What you give back from the listing below should be an exact copy of the lines from the one with "Das Konzert war" down to the one with "Νέο Φάληρο, πωλείται", and it should contain no pictures.

Record excerpts -
= Beginning of Section =

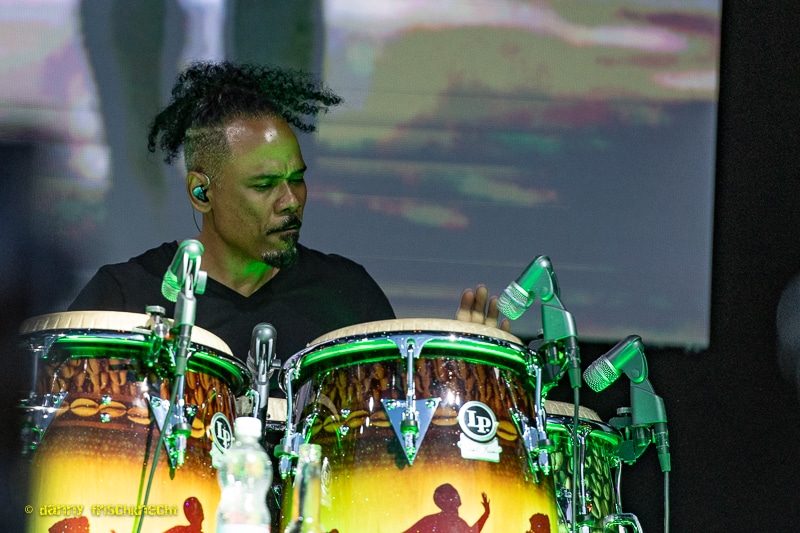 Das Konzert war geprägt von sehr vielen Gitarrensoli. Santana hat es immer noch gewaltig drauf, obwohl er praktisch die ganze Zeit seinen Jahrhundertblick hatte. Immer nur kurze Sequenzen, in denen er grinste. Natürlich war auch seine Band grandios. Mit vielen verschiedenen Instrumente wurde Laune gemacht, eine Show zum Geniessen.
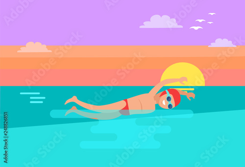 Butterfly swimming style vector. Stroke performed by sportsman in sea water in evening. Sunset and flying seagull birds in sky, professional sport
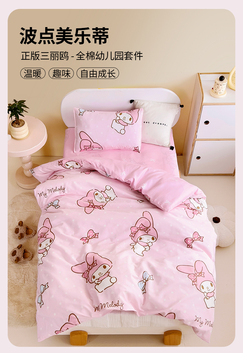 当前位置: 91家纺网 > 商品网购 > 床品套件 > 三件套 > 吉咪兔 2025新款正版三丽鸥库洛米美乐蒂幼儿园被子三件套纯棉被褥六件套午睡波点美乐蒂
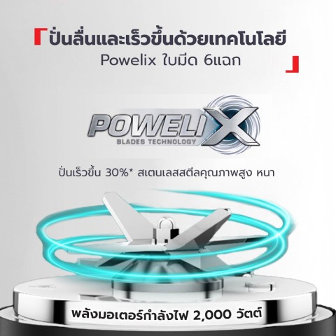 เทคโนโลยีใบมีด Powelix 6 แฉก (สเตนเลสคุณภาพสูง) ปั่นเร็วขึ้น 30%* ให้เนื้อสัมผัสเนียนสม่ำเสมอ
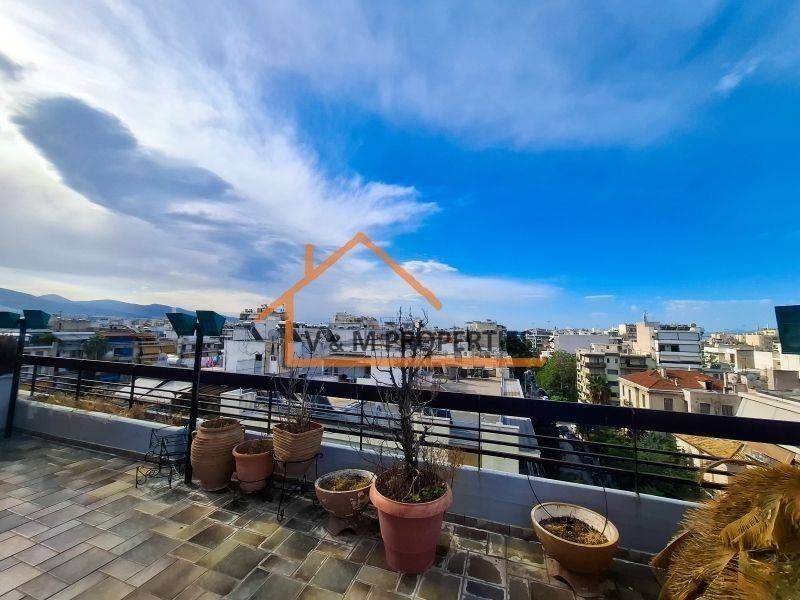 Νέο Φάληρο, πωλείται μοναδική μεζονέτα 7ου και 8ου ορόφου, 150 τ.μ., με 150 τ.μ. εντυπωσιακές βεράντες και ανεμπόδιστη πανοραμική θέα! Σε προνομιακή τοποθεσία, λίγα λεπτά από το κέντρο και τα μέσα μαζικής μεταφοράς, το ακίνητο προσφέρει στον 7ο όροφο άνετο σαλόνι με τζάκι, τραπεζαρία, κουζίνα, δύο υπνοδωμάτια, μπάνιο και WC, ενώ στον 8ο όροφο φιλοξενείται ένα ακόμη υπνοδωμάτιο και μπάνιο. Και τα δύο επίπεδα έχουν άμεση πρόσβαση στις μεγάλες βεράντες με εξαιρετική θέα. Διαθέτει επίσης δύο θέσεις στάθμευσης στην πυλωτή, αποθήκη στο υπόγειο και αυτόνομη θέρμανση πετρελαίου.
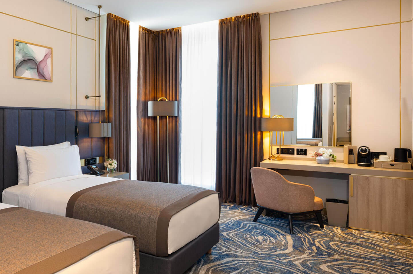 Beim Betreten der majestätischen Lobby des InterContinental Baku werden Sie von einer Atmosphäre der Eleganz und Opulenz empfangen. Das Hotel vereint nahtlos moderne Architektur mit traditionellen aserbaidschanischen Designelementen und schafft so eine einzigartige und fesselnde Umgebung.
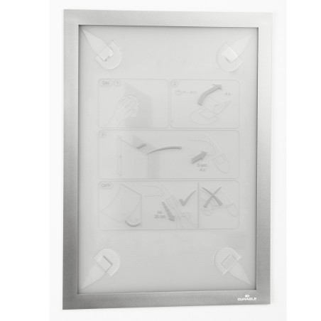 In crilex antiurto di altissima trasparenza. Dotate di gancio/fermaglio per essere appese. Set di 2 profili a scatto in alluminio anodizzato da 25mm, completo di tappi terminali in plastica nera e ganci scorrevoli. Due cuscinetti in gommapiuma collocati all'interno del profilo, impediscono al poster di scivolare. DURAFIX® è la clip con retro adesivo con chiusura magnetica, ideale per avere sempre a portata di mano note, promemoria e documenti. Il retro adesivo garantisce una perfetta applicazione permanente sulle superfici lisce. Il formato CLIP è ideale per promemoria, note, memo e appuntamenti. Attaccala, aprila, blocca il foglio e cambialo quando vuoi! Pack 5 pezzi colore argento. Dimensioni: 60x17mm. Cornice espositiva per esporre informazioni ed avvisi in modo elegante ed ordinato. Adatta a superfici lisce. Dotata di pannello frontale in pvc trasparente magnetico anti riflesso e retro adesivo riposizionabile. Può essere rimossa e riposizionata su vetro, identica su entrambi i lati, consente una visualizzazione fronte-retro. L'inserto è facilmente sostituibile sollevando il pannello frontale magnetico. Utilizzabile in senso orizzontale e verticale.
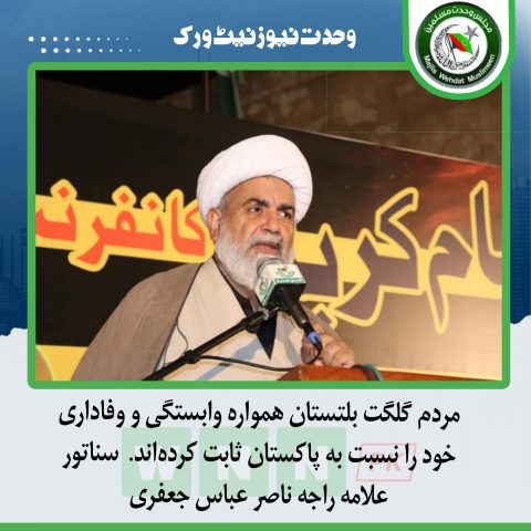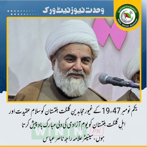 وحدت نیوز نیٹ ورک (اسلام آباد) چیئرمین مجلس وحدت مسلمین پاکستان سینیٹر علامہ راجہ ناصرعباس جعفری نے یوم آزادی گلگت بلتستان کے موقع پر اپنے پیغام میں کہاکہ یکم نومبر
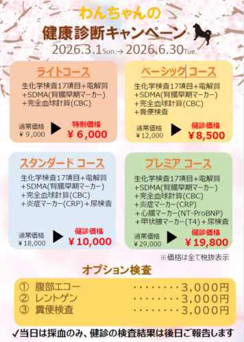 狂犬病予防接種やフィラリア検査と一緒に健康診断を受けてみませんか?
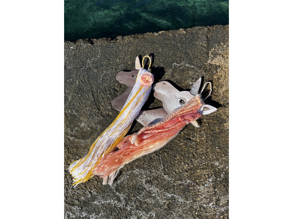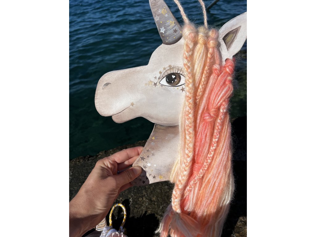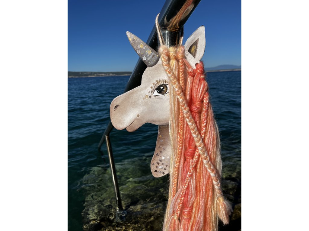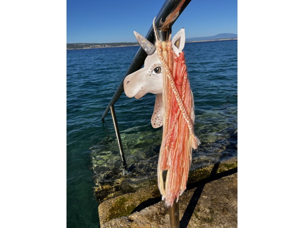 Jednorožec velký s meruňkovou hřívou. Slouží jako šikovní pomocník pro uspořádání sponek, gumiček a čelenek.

= End of Section =
= Beginning of Section =

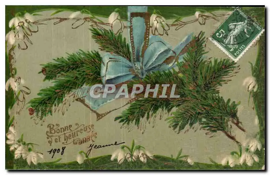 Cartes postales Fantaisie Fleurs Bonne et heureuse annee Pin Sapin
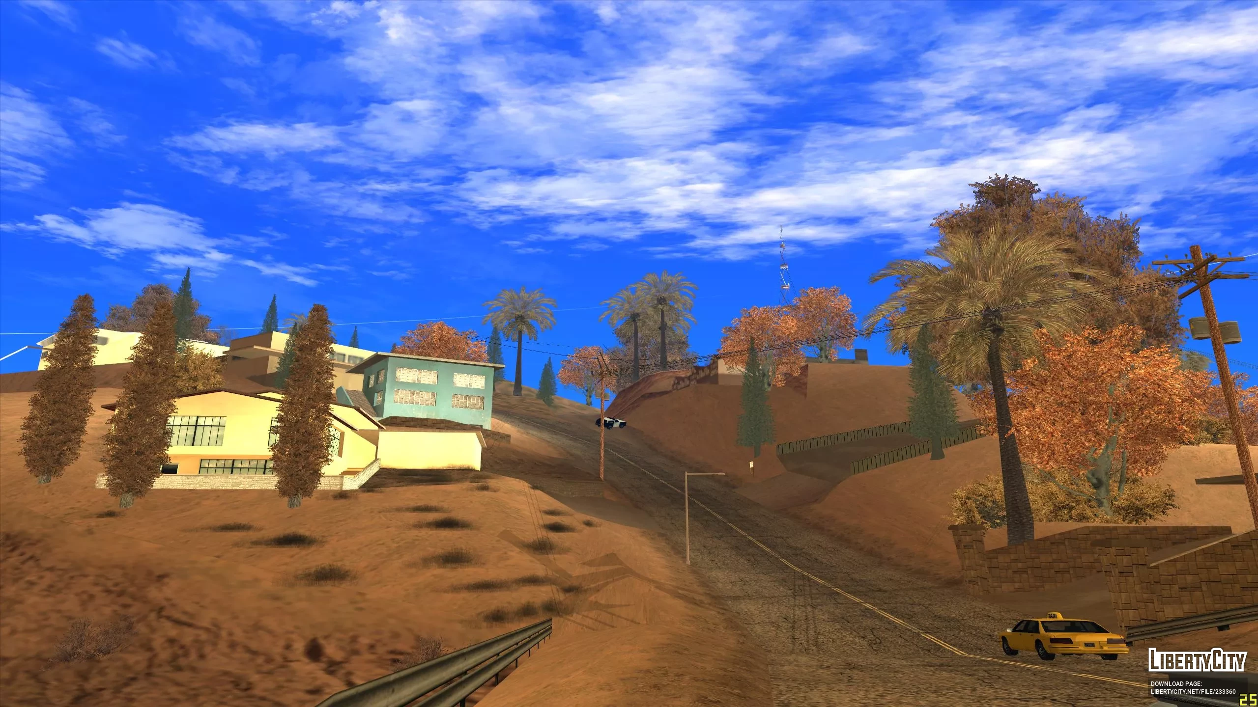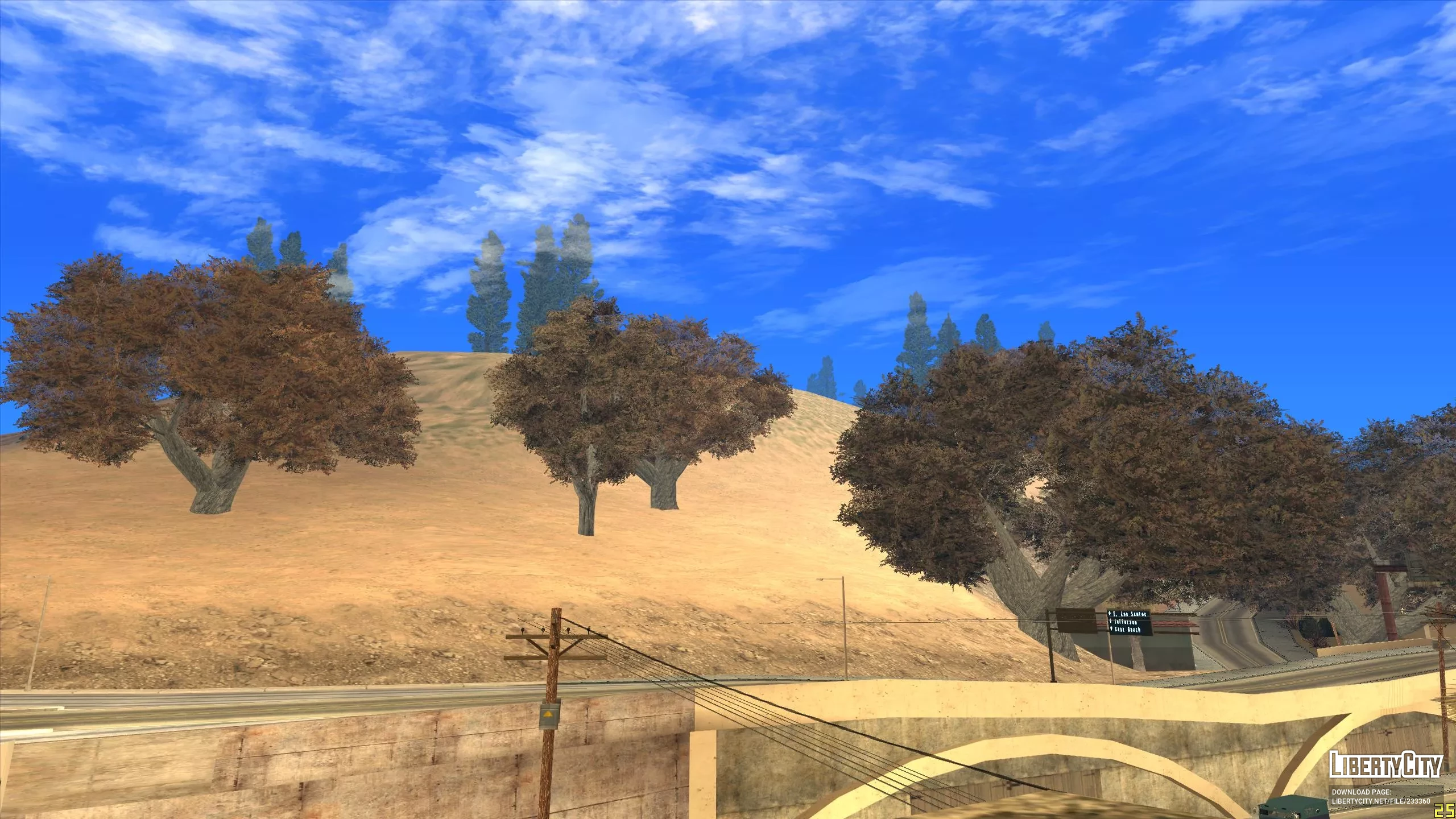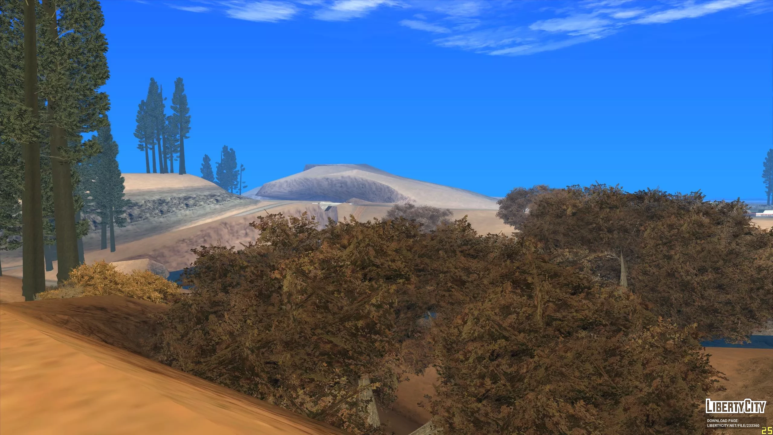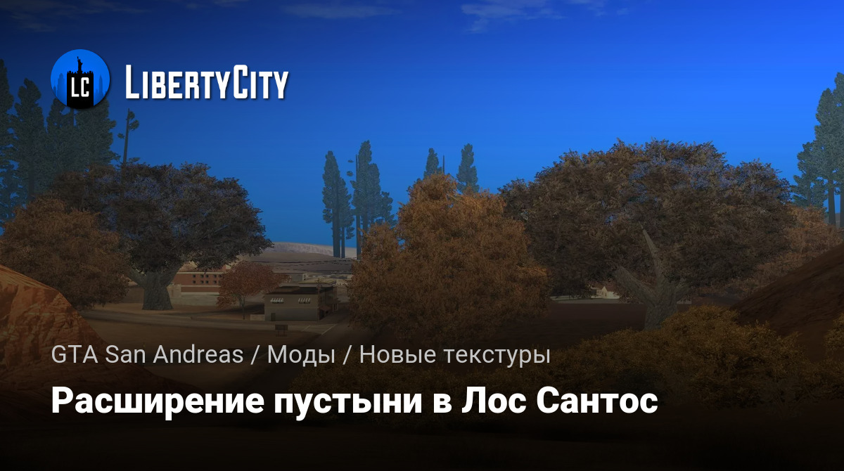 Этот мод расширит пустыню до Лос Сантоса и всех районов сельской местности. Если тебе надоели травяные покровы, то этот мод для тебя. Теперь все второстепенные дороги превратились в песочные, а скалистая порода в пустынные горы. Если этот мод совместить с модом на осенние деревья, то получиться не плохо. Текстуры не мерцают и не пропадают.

= End of Section =

Response to this exercise -
 Das Konzert war geprägt von sehr vielen Gitarrensoli. Santana hat es immer noch gewaltig drauf, obwohl er praktisch die ganze Zeit seinen Jahrhundertblick hatte. Immer nur kurze Sequenzen, in denen er grinste. Natürlich war auch seine Band grandios. Mit vielen verschiedenen Instrumente wurde Laune gemacht, eine Show zum Geniessen.
 Butterfly swimming style vector. Stroke performed by sportsman in sea water in evening. Sunset and flying seagull birds in sky, professional sport
 当前位置: 91家纺网 > 商品网购 > 床品套件 > 三件套 > 吉咪兔 2025新款正版三丽鸥库洛米美乐蒂幼儿园被子三件套纯棉被褥六件套午睡波点美乐蒂
 เทคโนโลยีใบมีด Powelix 6 แฉก (สเตนเลสคุณภาพสูง) ปั่นเร็วขึ้น 30%* ให้เนื้อสัมผัสเนียนสม่ำเสมอ
 Νέο Φάληρο, πωλείται μοναδική μεζονέτα 7ου και 8ου ορόφου, 150 τ.μ., με 150 τ.μ. εντυπωσιακές βεράντες και ανεμπόδιστη πανοραμική θέα! Σε προνομιακή τοποθεσία, λίγα λεπτά από το κέντρο και τα μέσα μαζικής μεταφοράς, το ακίνητο προσφέρει στον 7ο όροφο άνετο σαλόνι με τζάκι, τραπεζαρία, κουζίνα, δύο υπνοδωμάτια, μπάνιο και WC, ενώ στον 8ο όροφο φιλοξενείται ένα ακόμη υπνοδωμάτιο και μπάνιο. Και τα δύο επίπεδα έχουν άμεση πρόσβαση στις μεγάλες βεράντες με εξαιρετική θέα. Διαθέτει επίσης δύο θέσεις στάθμευσης στην πυλωτή, αποθήκη στο υπόγειο και αυτόνομη θέρμανση πετρελαίου.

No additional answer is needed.